Given locus is a circle, prove two lines are perpendicular Let $l_1$ and $l_2$ be two lines in the plane. The locus of all points $P$, such that the sum of squares of the distances of $P$ to $l_1$ and $l_2$ is constant, is a circle. Prove that $l_1$ and $l_2$ are perpendicular.
Now I can prove the converse of this statement really easily, but I'm stuck on proving this. I've let the centre of the circle be (0,0); I'm not sure if this helps. Also, how can we assume that the two lines will intersect at the centre of the circle?
 A: Ignoring the case of parallel (or coincident) lines, suppose $\ell_1$ and $\ell_2$ meet at the unique point $O$. Any circle about $O$ meets the lines at the vertices of a rectangle $\square ABCD$; it also meets the bisectors of the angles formed by those lines at the vertices of a square $\square WXYZ$ (because the bisectors are necessarily perpendicular).
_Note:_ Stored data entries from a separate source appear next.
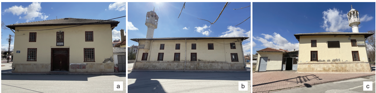
Fig. 3. The views of the outer walls of the Kenan Dede Yanik Mosque: a) northern, b) eastern, c) southern (photo by F. Bademci)

Il. 2. Widoki wnętrza meczetu Kenan Dede Yanik: a) część północna, b) część wschodnia, c) część południowa, d) część zachodnia (fot. F. Bademci)
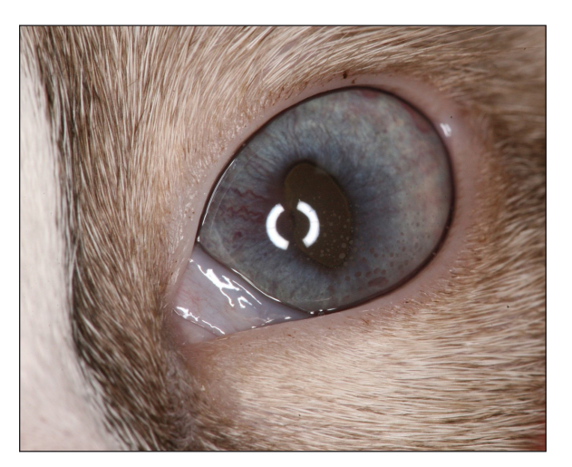
Fig. 1. A 4-month-old female entire Snowshoe kitten with bilateral uveitis. Clinical signs included corneal edema, keratic precipitates, aqueous flare, rubeosis iridis and miosis. The etiology was FIP.

This study aimed to describe cases of feline uveitis focusing on nontraumatic and nonreflex causes. The objectives were to: 1) establish etiology based on recorded clinical findings, diagnostic investigation, and follow-up information and 2) compare cases of idiopathic uveitis to cases with a confirmed etiology (signalment and ophthalmic examination findings). We hypothesized that performing diagnostic testing would increase the likelihood of finding an underlying disease and used a 12-month follow-up period to allow underlying diseases to become apparent.
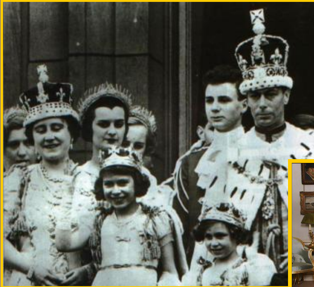
Elizabeth II with a sister and parents
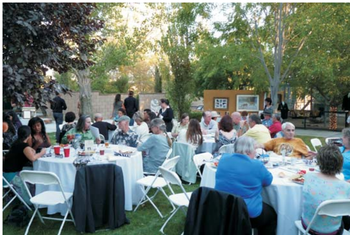
Diners enjoyed the meal alfresco, with the sun setting.
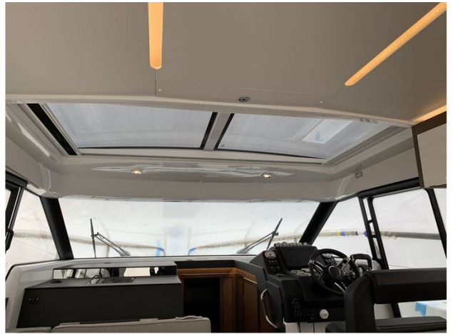
Jeanneau NC 37 twin diesel cruiser - electric sliding roof
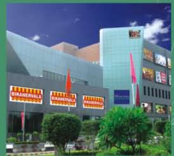
EF3 Mall NH-2, Faridabad
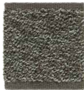
Ash Grey 551
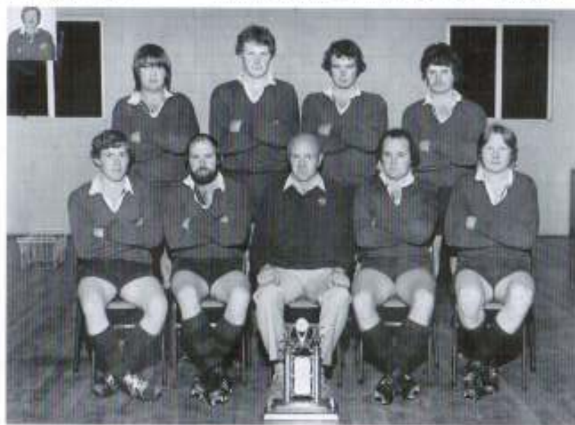
1983 Seven A Side Team - Winners of Metropolitan Seven A Side
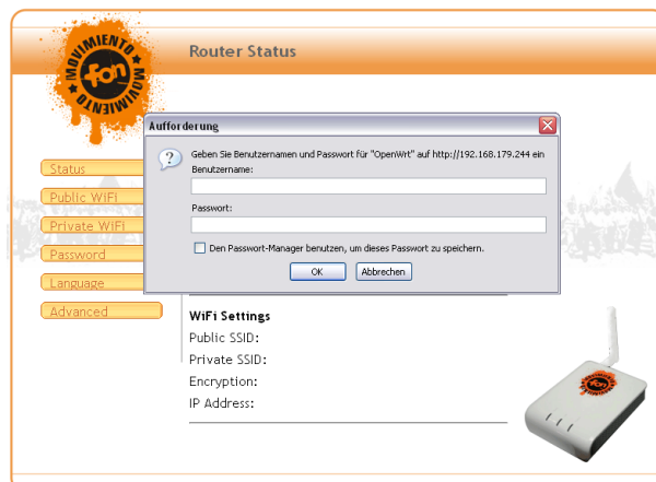
Abbildung 2: Username and password

9. You will be asked for an username and password. This is both „admin“ by default.
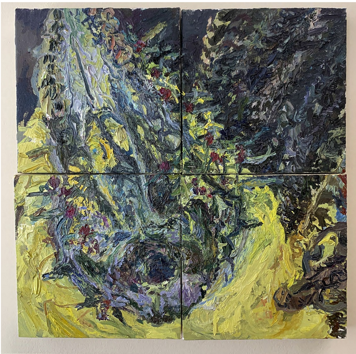
Jeane Cohen Moose Crown and Rodent Skull , (tetraptych), 2020 oil on canvas 20h x 20w in
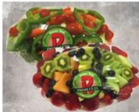
FRESH MADE IN OUR PRODUCE DEPARTMENT Vegetable or Fruit Luau Bowl $6 49 LB

Each vertex of $\square ABCD$ is at distance $0$ from either $\ell_1$ or $\ell_2$, and is at some common distance (say $k$) from the other of $\ell_1$ or $\ell_2$. Thus, "the sum of the squares of the distances to the lines" is a constant (namely, $k^2$) across all four points, which implies that $\bigcirc O$ must be one of the "locus-circles" determined by the lines. That sum must then also be constant across the vertices of $\square WXYZ$, as those vertices lie on that locus-circle; in particular, the sums for $W$ and $X$ alone should match. However, because $W$ is on an angle bisector, the sum of the squares of the distances from $W$ to both lines is just double the square of the distance to either line; likewise for $X$. We conclude that the distances from each of $W$ and $X$ to each of $\ell_1$ and $\ell_2$ all match, making one of the lines a parallel to segment $\overline{WX}$ and the other line the perpendicular bisector of that segment. $\square$ 
A: Let $l_1$ be given by $a_1x+b_1y+c_1=0$ and $l_1$ be given by $a_2x+b_2y+c_2=0$. 
Let $P$ be the point $(h,k)$ and $d_j$ be the distance of the point $P$ from line $l_j$. Then,
$$d_1=\frac{|a_1h+b_1k+c_1|}{\sqrt{a_1^2+b_1^2}} \quad \text{ and } \quad d_2=\frac{|a_2h+b_2k+c_2|}{\sqrt{a_2^2+b_2^2}}$$
We are given that the locus of the points for which $d_1^2+d_2^2=s$ (where $s$ is some constant) is a circle. Let $\lambda_1=a_1^2+b_1^2$ and $\lambda_2=a_2^2+b_2^2$. Observe that 
$$d_1^2+d_2^2=\left(\frac{\lambda_2a_1^2+\lambda_1a_2^2}{\lambda_1 \lambda_2}\right)h^2+\left(\frac{\lambda_2b_1^2+\lambda_1b_2^2}{\lambda_1 \lambda_2}\right)k^2+\left(\frac{2a_1b_1}{\lambda_1}+\frac{2a_2b_2}{\lambda_2}\right)hk+\dotsb$$
For this to be a circle,


*

*coefficient of $hk$ must be $0$, and

*coefficients of $h$ and $k$ should be equal.


Thus we have
\begin{align*}
\lambda_2a_1^2+\lambda_1a_2^2 & = \lambda_2b_1^2+\lambda_1b_2^2\\
a_1b_1\lambda_2+a_2b_2\lambda_1 & = 0
\end{align*}
Upon solving this, we get 
$$(a_1a_2)^2 = (b_1b_2)^2 \implies a_1a_2 = \pm b_1b_2.$$
Try to see why $a_1a_2=b_1b_2$ will not occur. Then the only thing left is $a_1a_2+b_1b_2=0$ which is the condition for perpendicularity of $l_1$ and $l_2$.